A key feature of today’s trade is the impending crossover between the 50-day and 200-day moving averages near 99.200 and 99.212. Traders are watching this closely because a short-term average rising above a longer-term one is often treated as a bullish signal, especially when it develops after an extended pullback.
Yields Stay Firm as Softer CPI Fails to Knock the Dollar Off Its Rebound
Treasury yields are ticking higher even after the softer CPI print, and that is helping the dollar hold its rebound. With the 10-year yield up to 4.147% and the 2-year at 3.485%, investors are not rushing to price in aggressive early-2026 easing. Rising yields matter because they lift the return profile of U.S. assets, which tends to support the dollar.

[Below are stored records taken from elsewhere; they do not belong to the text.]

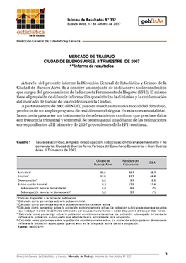 • Título: Mercado de trabajo, Ciudad de Buenos Aires: 2º trimestre 2007, 1º informe de resultados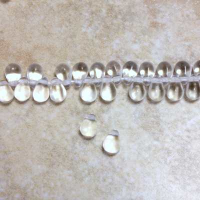 Czech Pressed Glass Pendant - Smooth Drop 6x4MM CRYSTAL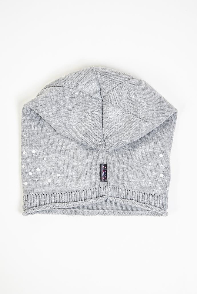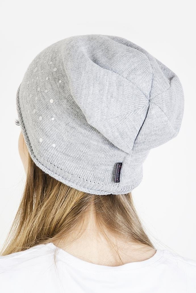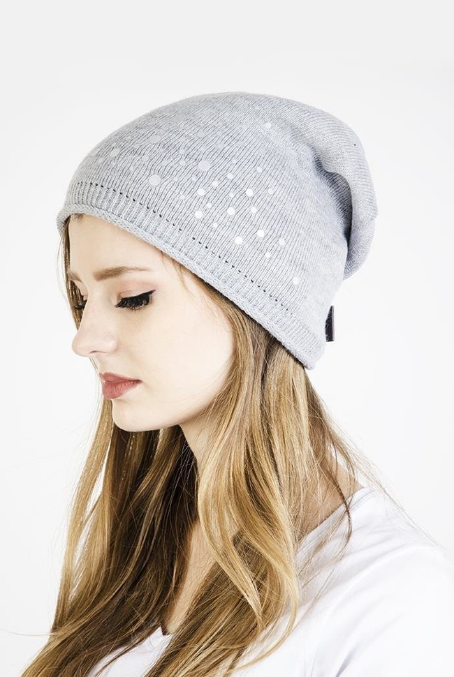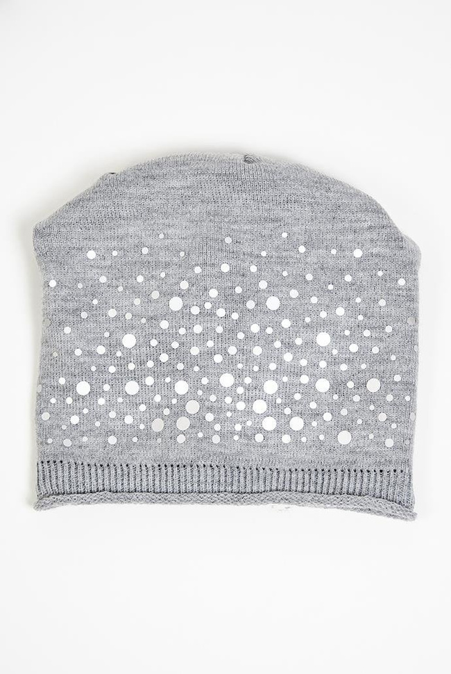 Jasnoszara czapka ze srebrnymi kropkami

The November CPI surprise — headline at 2.7% and core at 2.6% — pushed traders to increase the probability of a March rate cut to 56.8%. But the shift has been measured, partly because the data was affected by shutdown-related delays. As a result, rate expectations are steady enough to keep the dollar from giving back recent gains.
The euro is stuck near $1.1717 after Christine Lagarde resisted pressure from hawkish members and offered no forward guidance. That leaves EUR/USD heavy, which mechanically helps the dollar index.
Sterling’s round-trip after the BOE cut to 3.75% shows a market reluctant to price deeper easing. With both currencies lacking momentum, cross-flows tilt toward the dollar and reinforce the current bounce.
Cautious Risk Tone Keeps Sellers on the Sidelines as Yields Firm Up
Risk appetite is cautious. Traders like the cooler inflation data but remain unsure how much of it reflects genuine easing versus collection disruptions. With long-end and front-end yields edging higher, dollar sellers have little incentive to press the downside.